START THE DATA

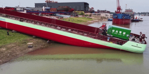 漢江流域首艘純電動集裝箱船下水
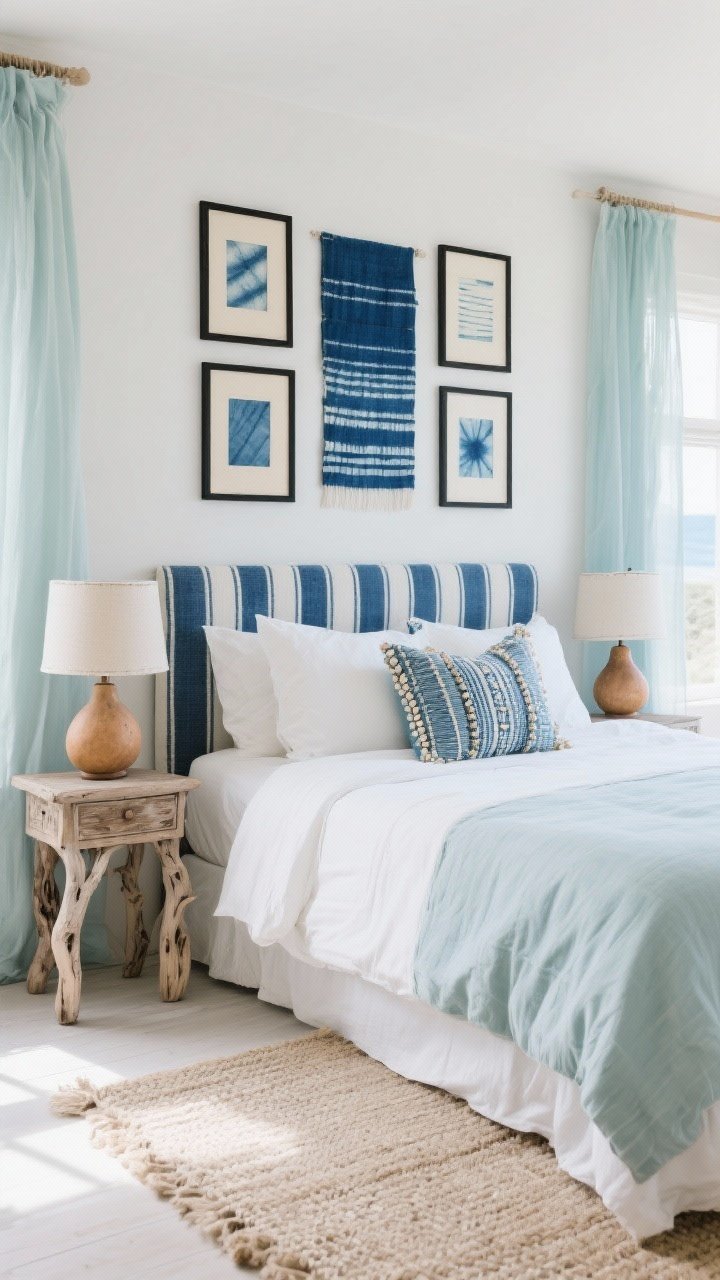 If ocean breezes had a décor style, this would be it. The palette leans **indigo and seafoam** with chalky whites, anchored by a **striped indigo kuba cloth** headboard and **white linen bedding** with **beaded lumbar pillows**.
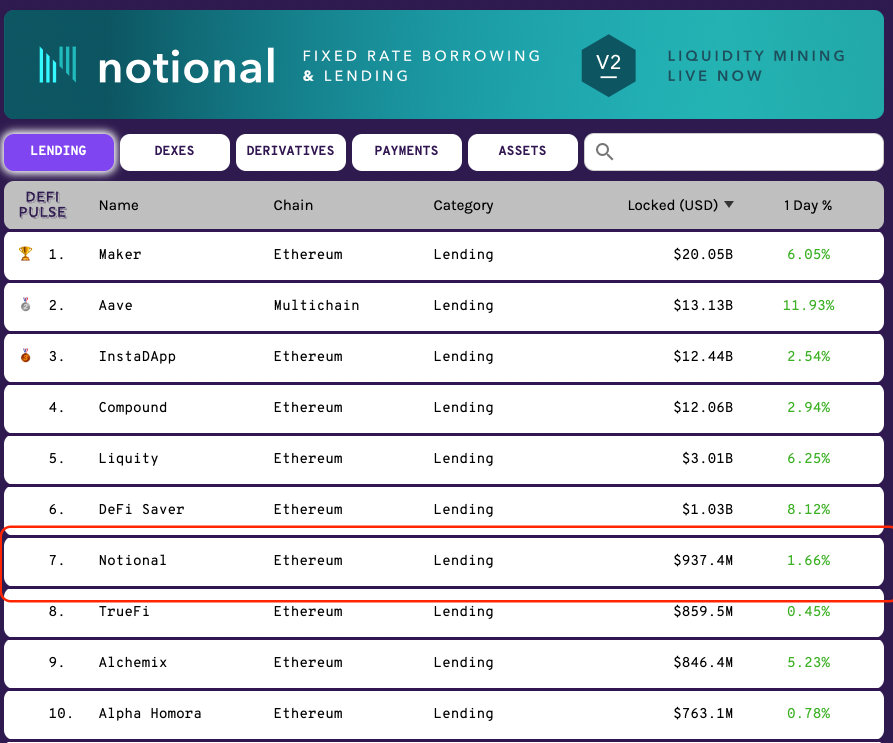 We can't thank our supporters and early users enough for believing in Notional. We are well on our way to the goal of expanding the DeFi ecosystem and use cases via a secure fixed rate protocol with deep liquidity. With more than $930M in TVL locked, Notional just catapulted into the top 10 for DeFi lending protocols in our first month post V2 launch.
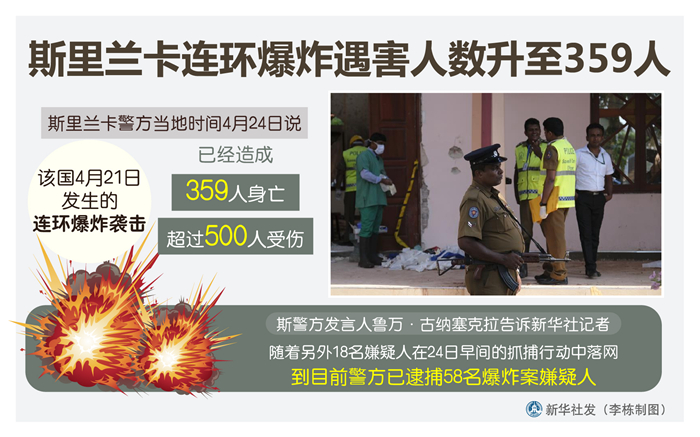 新華社科倫坡4月24日電(記者朱瑞卿 唐璐)斯里蘭卡警方24日說,該國21日發(fā)生的連環(huán)爆炸襲擊已經(jīng)造成359人身亡、超過500人受傷。
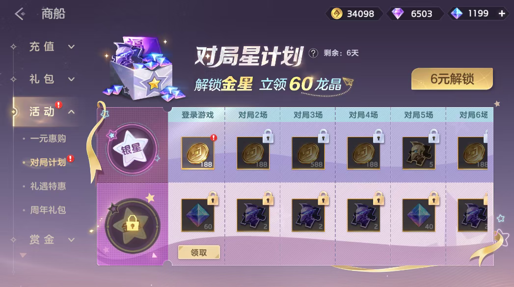 在11月19日-11月26日,“对局计划”活动开启,玩家完成对局任务提升等级免费获取英雄碎片、金币,付费6元解锁金星可以获得龙晶*120、龙魂祈福卡、皮肤碎片。
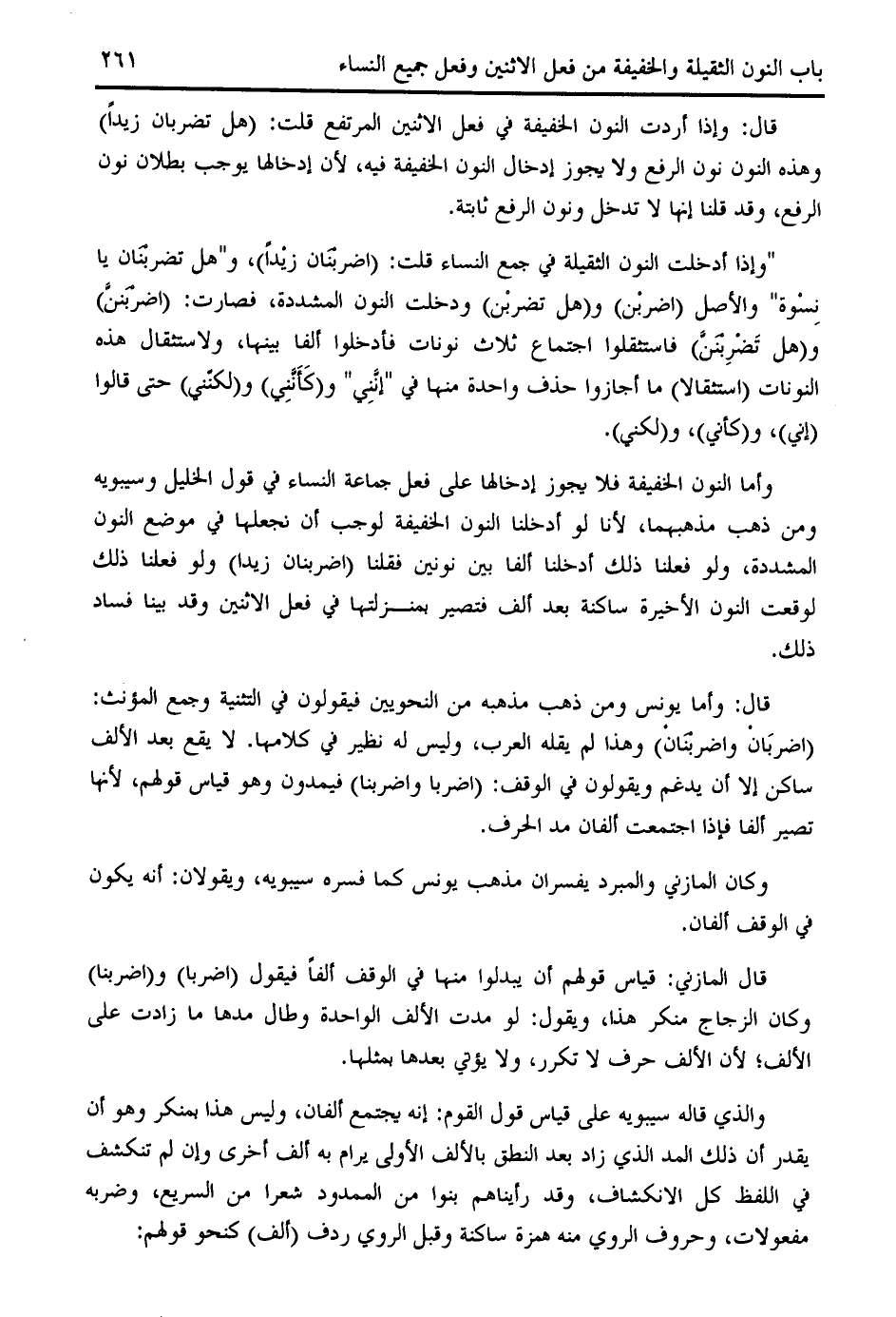 " وإذا أدخلت النون الثقيلة في جمع النساء قلت: (اضربنان زيدا)، و " هل تضربنان يا نسوة " والأصل (اضربن) و (هل تضربن) ودخلت النون المشددة، فصارت: (اضربننّ) و (هل تضربننّ) فاستثقلوا اجتماع ثلاث نونات فأدخلوا ألفا بينها، ولاستثقال هذه النونات (استثقالا) ما أجازوا حذف واحدة منها في " إنّني " و (كأنّني) و (لكنّني) حتى قالوا (إني)، و (كأني)، و (لكني).
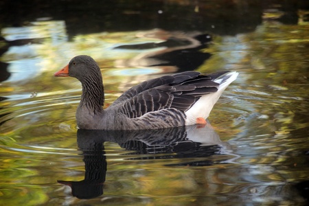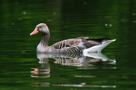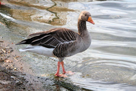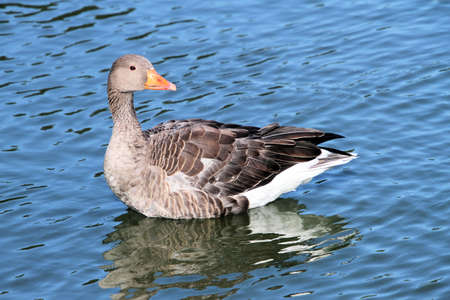 Greylag Goose (Anser anser) swimming in the lake at Riverside Garden Park
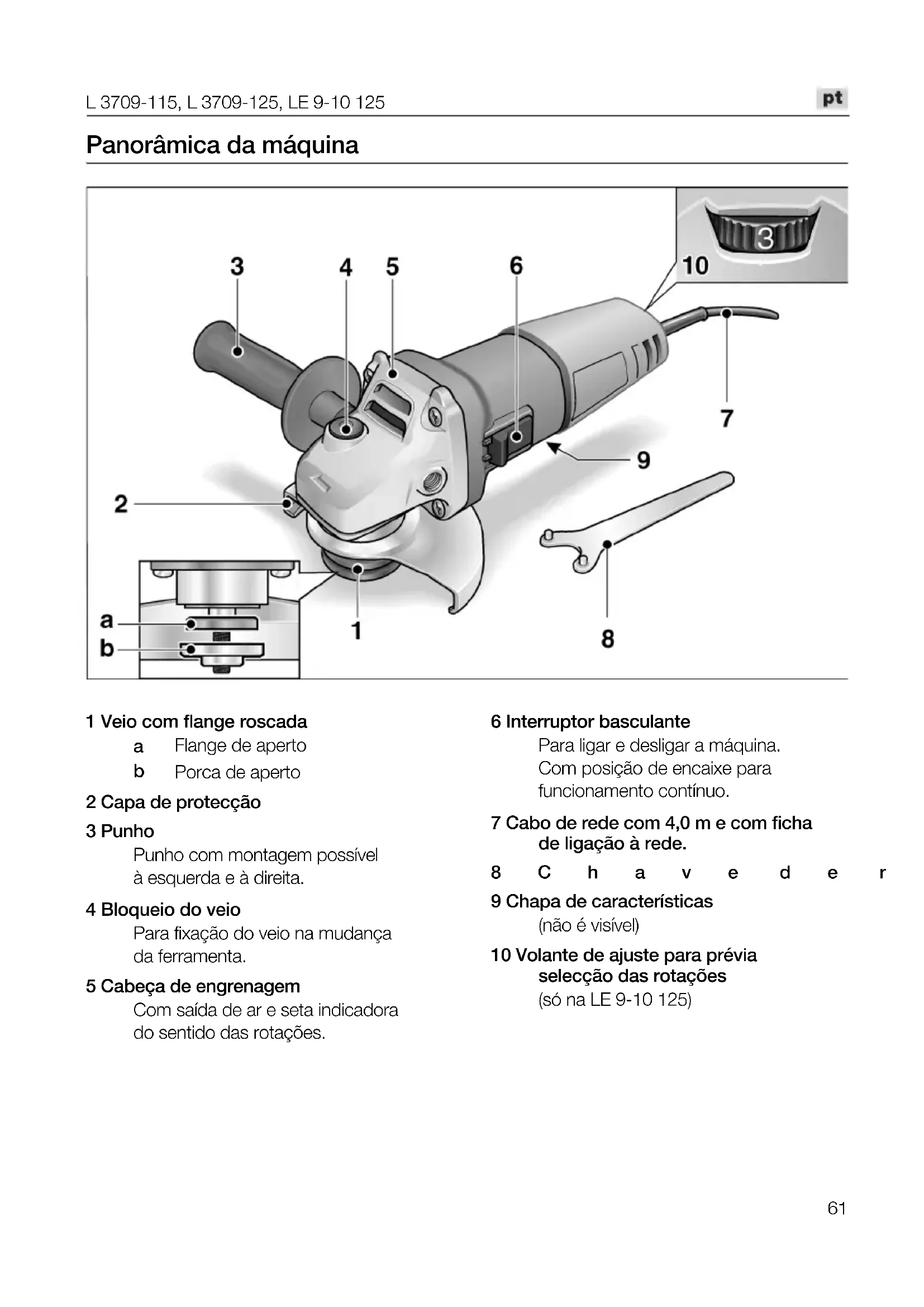 Porca de aperto 2 Capa de protecção 3 Punho Punho com montagem possível à esquerda e à direita. 4 Bloqueio do veio Para fixação do veio na mudança da ferramenta. 5 Cabeça de engrenagem Com saída de ar e seta indicadora do sentido das rotações. 6 Interruptor basculante Para ligar e desligar a máquina. Com posição de encaixe para funcionamento contínuo. 7 Cabo de rede com 4,0 m e com ficha de ligação à rede. 8Chave de retenção 9 Chapa de características (não é visível) 10 Volante de ajuste para prévia selecção das rotações (só na LE 9-10 125)L 3709-115, L 3709-125, LE 9-10 125
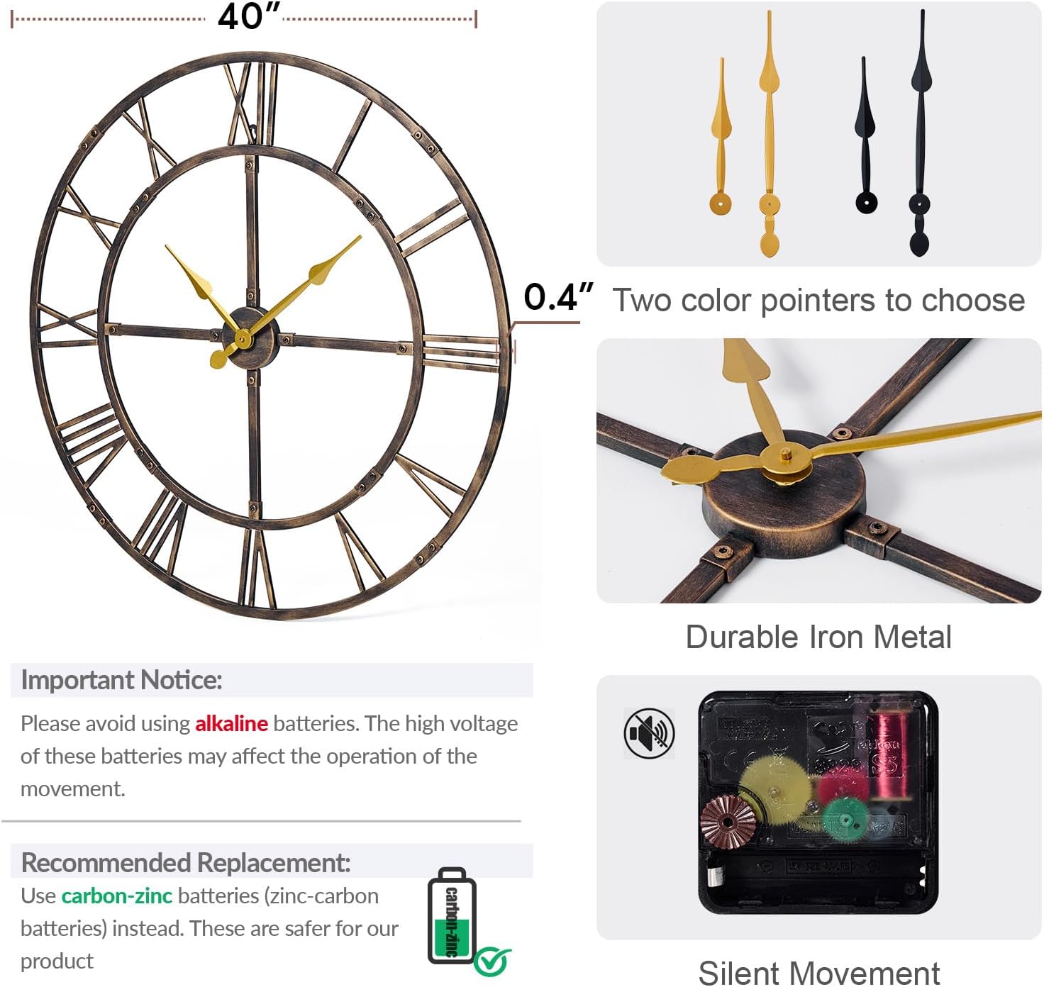 Large Wall Clock for Living Room Decor – 40 Inch Silent Non-Ticking Modern Farmhouse Wall Clock, Oversized Decorative Metal Roman Numeral Clock, Bronze

END THE DATA

**WHAT IS EXPECTED:** Retype the records verbatim, excluding each image they hold.

**EXPECTED ANSWER:**
 漢江流域首艘純電動集裝箱船下水
 If ocean breezes had a décor style, this would be it. The palette leans **indigo and seafoam** with chalky whites, anchored by a **striped indigo kuba cloth** headboard and **white linen bedding** with **beaded lumbar pillows**.
 We can't thank our supporters and early users enough for believing in Notional. We are well on our way to the goal of expanding the DeFi ecosystem and use cases via a secure fixed rate protocol with deep liquidity. With more than $930M in TVL locked, Notional just catapulted into the top 10 for DeFi lending protocols in our first month post V2 launch.
 新華社科倫坡4月24日電(記者朱瑞卿 唐璐)斯里蘭卡警方24日說,該國21日發(fā)生的連環(huán)爆炸襲擊已經(jīng)造成359人身亡、超過500人受傷。
 在11月19日-11月26日,“对局计划”活动开启,玩家完成对局任务提升等级免费获取英雄碎片、金币,付费6元解锁金星可以获得龙晶*120、龙魂祈福卡、皮肤碎片。
 " وإذا أدخلت النون الثقيلة في جمع النساء قلت: (اضربنان زيدا)، و " هل تضربنان يا نسوة " والأصل (اضربن) و (هل تضربن) ودخلت النون المشددة، فصارت: (اضربننّ) و (هل تضربننّ) فاستثقلوا اجتماع ثلاث نونات فأدخلوا ألفا بينها، ولاستثقال هذه النونات (استثقالا) ما أجازوا حذف واحدة منها في " إنّني " و (كأنّني) و (لكنّني) حتى قالوا (إني)، و (كأني)، و (لكني).
 Greylag Goose (Anser anser) swimming in the lake at Riverside Garden Park
 Porca de aperto 2 Capa de protecção 3 Punho Punho com montagem possível à esquerda e à direita. 4 Bloqueio do veio Para fixação do veio na mudança da ferramenta. 5 Cabeça de engrenagem Com saída de ar e seta indicadora do sentido das rotações. 6 Interruptor basculante Para ligar e desligar a máquina. Com posição de encaixe para funcionamento contínuo. 7 Cabo de rede com 4,0 m e com ficha de ligação à rede. 8Chave de retenção 9 Chapa de características (não é visível) 10 Volante de ajuste para prévia selecção das rotações (só na LE 9-10 125)L 3709-115, L 3709-125, LE 9-10 125
 Large Wall Clock for Living Room Decor – 40 Inch Silent Non-Ticking Modern Farmhouse Wall Clock, Oversized Decorative Metal Roman Numeral Clock, Bronze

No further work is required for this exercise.